• [Information]
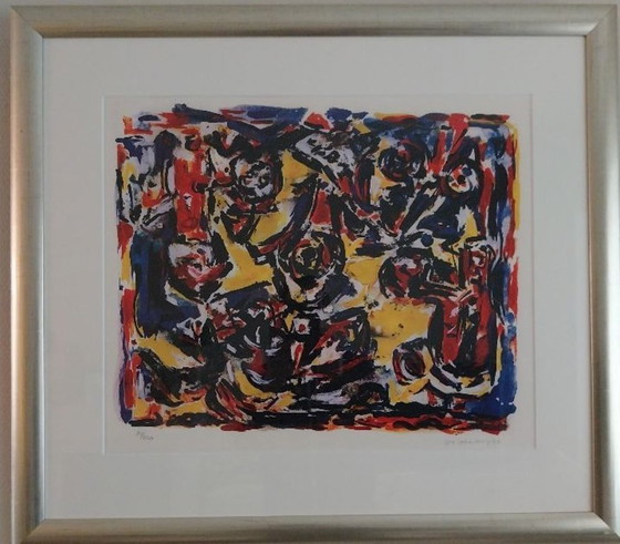 Beautiful colorful screen print by Dutch CoBrA artist Theo Wolvecamp.
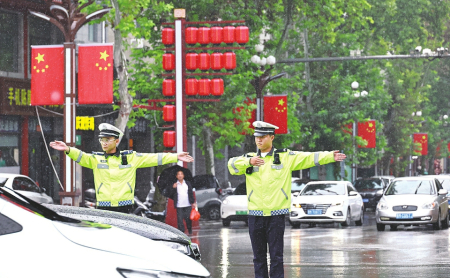图②10月6日,新绛县交警大队古城中队两名辅警冒雨指挥交通,保障市民安全通行。 高新生摄
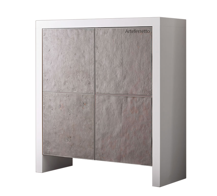 Questa grande madia 4 ante ha la struttura in legno laccato bianco e 4 affascinanti ante ad effetto pietra naturale. Un abbinamento davvero accattivante e ricco di fascino.
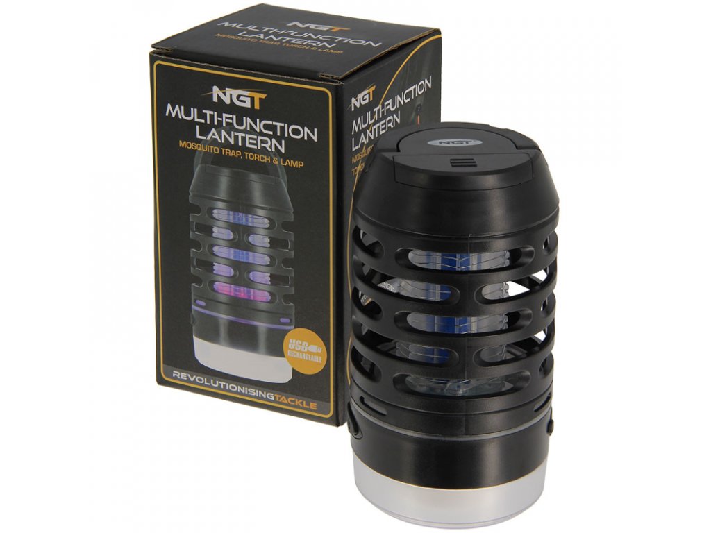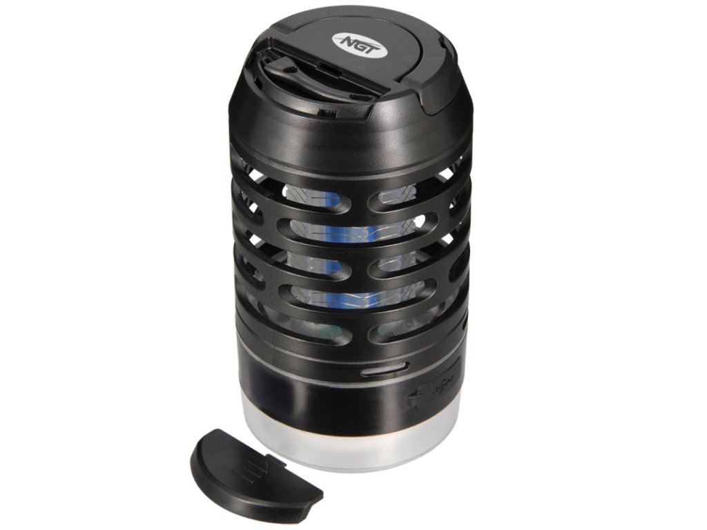 Multifunkční, kompaktní, dobíjecí lapač hmyzu a svítidlo od britské značky NGT je perfektním doplňkem pro rybaření, kempování nebo táboření. Bug Zapper & Light System je účinný lapač hmyzu a zároveň praktické LED svítidlo do bivaku, stanu nebo rovnou na lovné místo, kde by měl také značně eliminovat dotěrný hmyz. Lapač funguje na principu ultrafialových paprsků, které přilákají obtížný hmyz do bezprostřední blízkosti lapače, kde následně dojde k usmrcení hmyzu neškodným elektrickým výbojem.
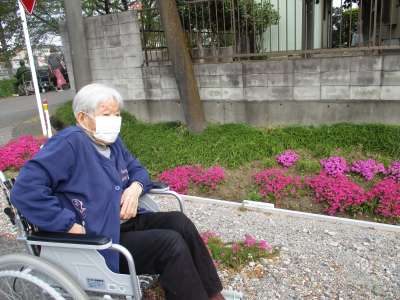 幸望庵でお散歩しながら歩行訓練をしていただきます
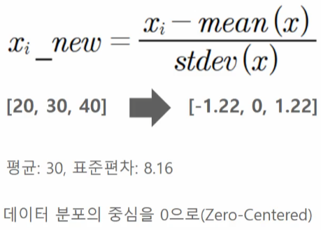 표준화는 데이터의 피처 각각이 평균이 0이고 분산이 1인 가우시안 정규분포를 가진 값으로 변환하는 것

• [Directions for this task] Find the line containing "Multifunkční, kompaktní, dobíjecí" in the records above and restate it, and each line after it through the end, word for word, dropping the pictures.

• [Solution for this task]
 Multifunkční, kompaktní, dobíjecí lapač hmyzu a svítidlo od britské značky NGT je perfektním doplňkem pro rybaření, kempování nebo táboření. Bug Zapper & Light System je účinný lapač hmyzu a zároveň praktické LED svítidlo do bivaku, stanu nebo rovnou na lovné místo, kde by měl také značně eliminovat dotěrný hmyz. Lapač funguje na principu ultrafialových paprsků, které přilákají obtížný hmyz do bezprostřední blízkosti lapače, kde následně dojde k usmrcení hmyzu neškodným elektrickým výbojem.
 幸望庵でお散歩しながら歩行訓練をしていただきます
 표준화는 데이터의 피처 각각이 평균이 0이고 분산이 1인 가우시안 정규분포를 가진 값으로 변환하는 것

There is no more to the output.